1. Uso de neratinibe ou um sal farmaceuticamente aceitável do mesmo, em combinação com capecitabina, caracterizado pelo fato de ser na fabricação de um medicamento para tratar câncer de mama metastático de ErbB-2 positivo.

2. Uso, de acordo com a reivindicação 1, caracterizado pelo fato de que o câncer de mama é um câncer de mama localmente avançado.

3. Uso, de acordo com a reivindicação 1 ou 2, caracterizado pelo fato de que o neratinibe e capecitabina são fabricados para administração oral.

4. Uso, de acordo com qualquer uma das reivindicações 1 a 3, caracterizado pelo fato de que o neratinibe é administrado em uma dose de unidade.

5. Uso, de acordo com qualquer uma dasreivindicações 1 a 4, caracterizado pelo fato de que o referido composto de capecitabina é administrado em uma dose de unidade.

6. Uso, de acordo com qualquer uma dasreivindicações 1 a 5, caracterizado pelo fato de que capecitabina é administrado em uma quantidade de 1.250 mg a 3.000 mg por dia.

7. Uso, de acordo com qualquer uma das reivindicações 1 a 6, caracterizado pelo fato de que capecitabina é administrada pelo menos uma vez durante um período de 21 dias.

8. Uso, de acordo com a reivindicação 7, caracterizado pelo fato de que o regime de capecitabina é continuado durante 3 a 6 ciclos.

9. Uso, de acordo com a reivindicação 1, caracterizado pelo fato de que neratinibe ou um sal farmaceuticamente aceitável do mesmo é fabricado para administração em uma quantidade de pelo menos 40 mg.
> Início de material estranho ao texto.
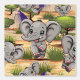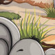 Elephant Cute Baby Happy Cartoon Character runing and jumping on African Savannah Landscape. Original Vector Illustration Copyright BluedarkArt TheChameleonArt.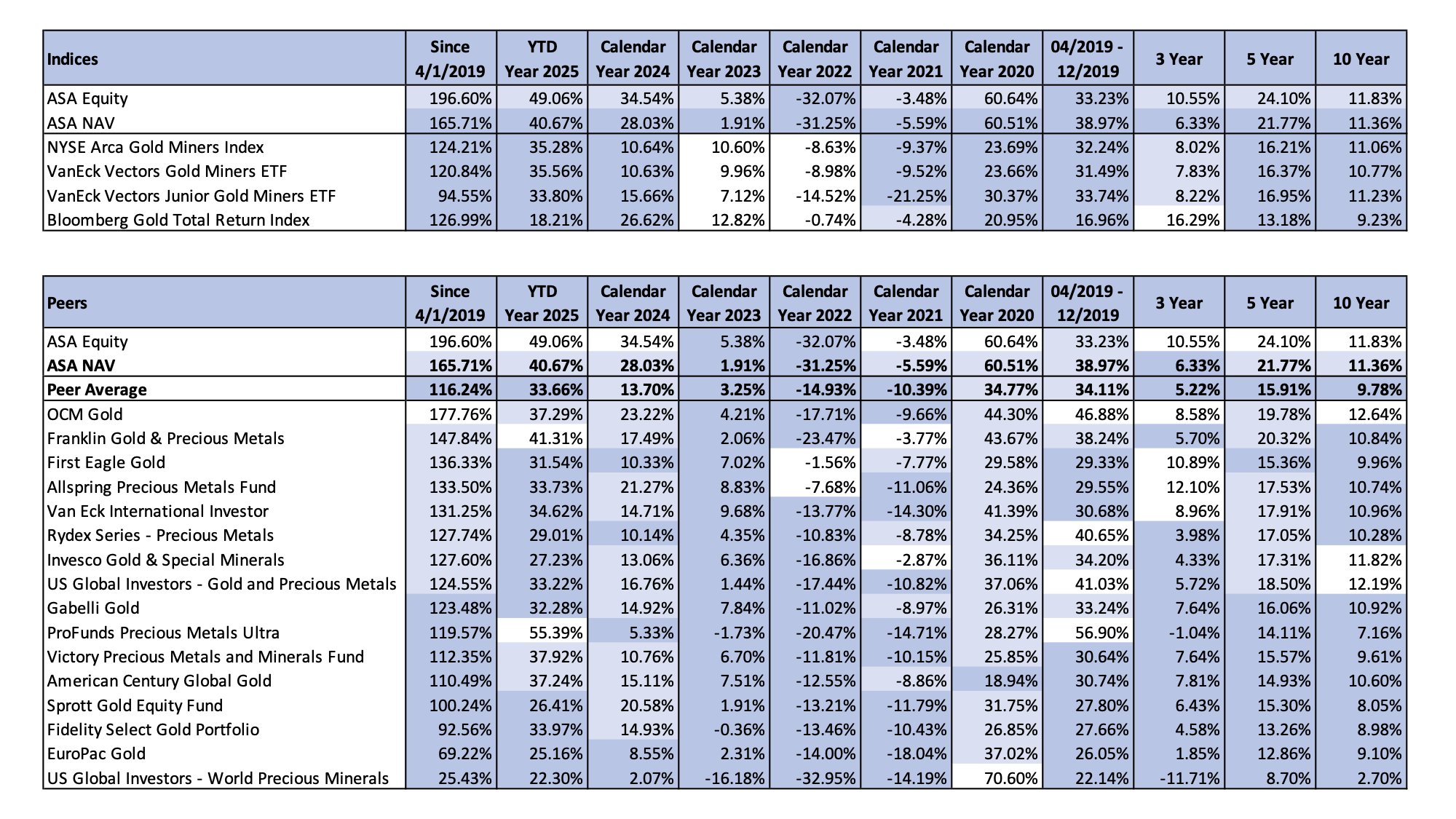 Since April 2019, when Peter Maletis became portfolio manager, ASA has outperformed mining indices, gold, and peer funds across multiple timeframes. The Fund’s approach—focused on disciplined stock selection, long-term positioning, and access to less liquid mining equities—has delivered strong returns even through sector volatility.

10. Uso, de acordo com a reivindicação 9, caracterizado pelo fato de que neratinibe ou um sal farmaceuticamente aceitável do mesmo é fabricado para administração em uma quantidade de pelo menos 120 mg.
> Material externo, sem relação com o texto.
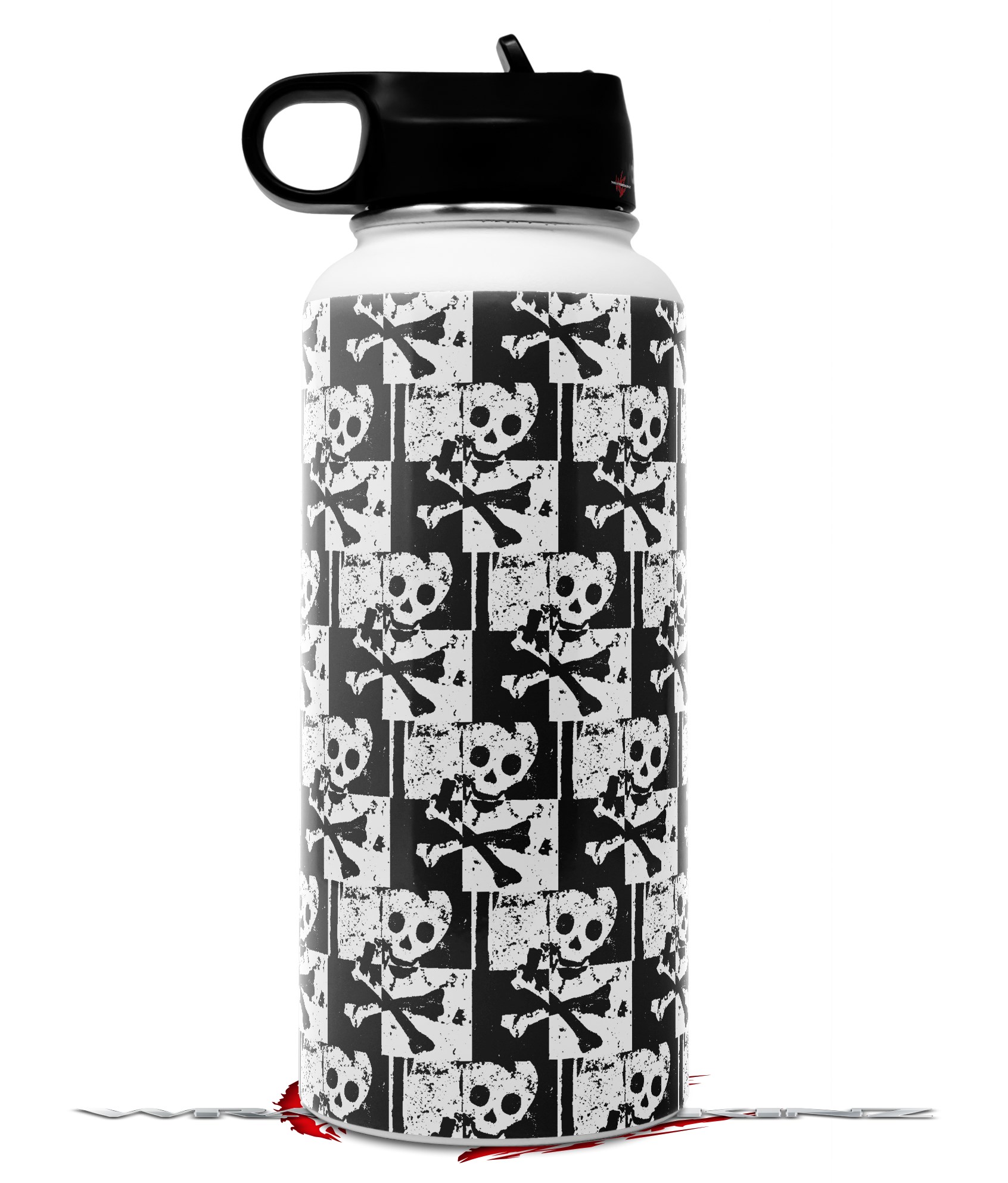 Skin Wrap Decal compatible with Hydro Flask Wide Mouth Bottle 32oz Skull Checker (BOTTLE NOT INCLUDED)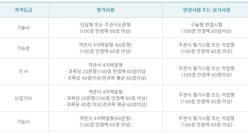 * 기사 : 응시하고자 하는 종목에 관한 공학적 기술이론 지식을 가지고 설계, 시공, 분석 등의 기술업무를 수행할 수 있는 능력의 유무

11. Uso, de acordo com a reivindicação 10, caracterizado pelo fato de que neratinibe ou um sal farmaceuticamente aceitável do mesmo é fabricado para administração em uma quantidade de pelo menos 240 mg.

12. Uso, de acordo com a reivindicação 1, caracterizado pelo fato de que neratinibe ou um sal farmaceuticamente aceitável do mesmo é fabricado para administração diária.

13. Uso, de acordo com a reivindicação 1, caracterizado pelo fato de que neratinibe ou um sal farmaceuticamente aceitável do mesmo é fabricado para administração por pelo menos uma vez por dia.

14. Uso, de acordo com a reivindicação 1, caracterizado pelo fato de que neratinibe ou um sal farmaceuticamente aceitável do mesmo é fabricado para administração durante pelo menos 2 semanas contínuas.

15. Uso, de acordo com a reivindicação 1, caracterizado pelo fato de que neratinibe ou um sal farmaceuticamente aceitável do mesmo é fabricado para administração antes do referido composto de capecitabina.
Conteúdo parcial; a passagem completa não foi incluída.